The three men then found a safe in a closet and tried, unsuccessfully, to pry it open.
“We just gave up on it,” Colwell said.
While Colwell was in the master bedroom putting items like jewelry in a pillowcase, he testified he heard Jeff Aron Schuh say there was someone in the driveway. The three ran out of the house, got into Schuh’s Buick and fled the scene in front of the woman, who remained in her car.
The woman, Christine Davis, earlier testified she pulled up into the driveway and saw suspects unloading items from her home into a beige Buick. Police were able to link the vehicle description to the crew. Colwell was arrested the next day. A search warrant of his house revealed numerous stolen items, police have testified.
Colwell said he didn’t want to be the only one charged in the case, which motivated him to take the stand against the Schuhs and Ngyuen, who were charged in October for the crimes.
Colwell already has pleaded guilty to five counts of second-degree home invasion and the court has agreed to a reduced sentencing of two to 15 years in prison in exchange for his testimony against his former crew.
Attorneys for the three defendants argued the testimony from Colwell, who told the court he had a $50-a-day heroin habit at the time and was using drugs “every day” during the period the break-ins occurred, was unreliable.

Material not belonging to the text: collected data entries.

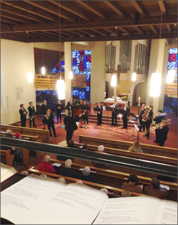 von Heinrich Schütz mit dem Bläserensemble; die Musik schwebte echomäßig aus drei Richtungen durch die Kirche. Unter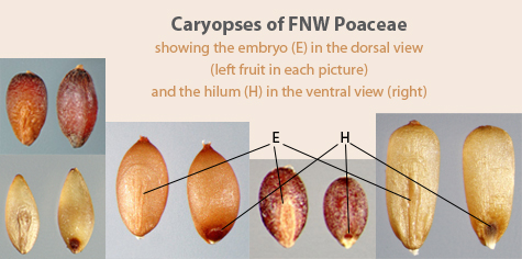 The caryopsis is commonly a dry, indehiscent, one-seeded fruit in which the seed is fused to the pericarp in the hilar region only. A naked caryopsis is easy to recognize. The pericarp of this small structure is often translucent, revealing the hilum at the base of one side of the fruit and the peripheral embryo (contiguous with the testa) at the base of the other side of the fruit (Figure 7). In cases where the pericarp is not translucent, the side view outline of the fruit and/or the texture of the pericarp typically reveal the position of the embryo (Figures 8, 9).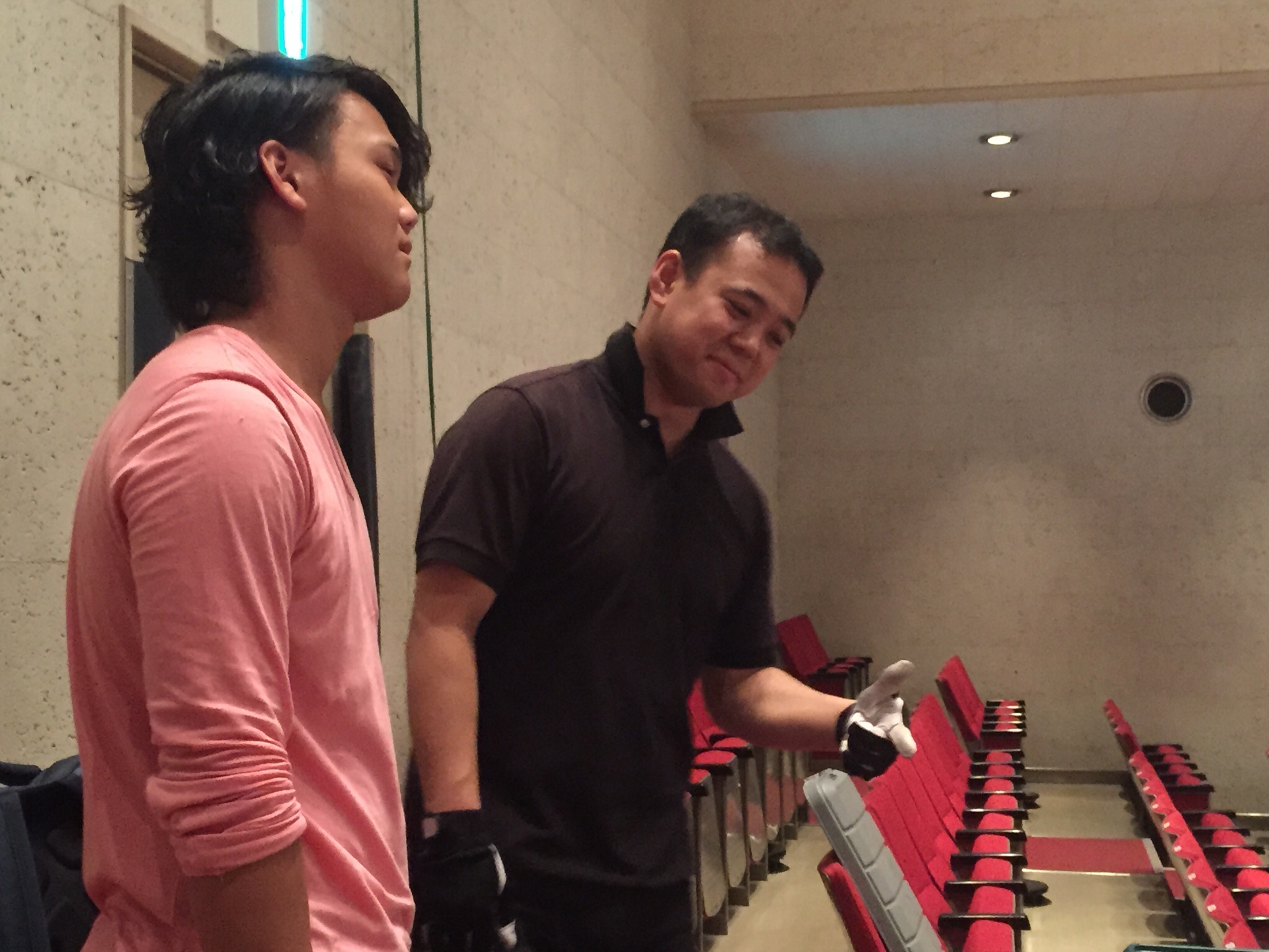 照明下りまーす。間瀬さんセッティング入ります。 Yui

“The only thing we’ve heard is testimony from a self-interested, biased, drug-addled witness,” said Steve Tramotin, Jeffrey Arthur Schuh’s attorney.
Bond motions for the defendants were denied by Judge Chris Easthope. Nguyen and Jeffrey Aron Schuh are being held on a $10,000 bond on each case, totaling $90,000. Jeffrey Arthur Schuh’s bond totals $30,000. They are all being held at the Washtenaw County Jail.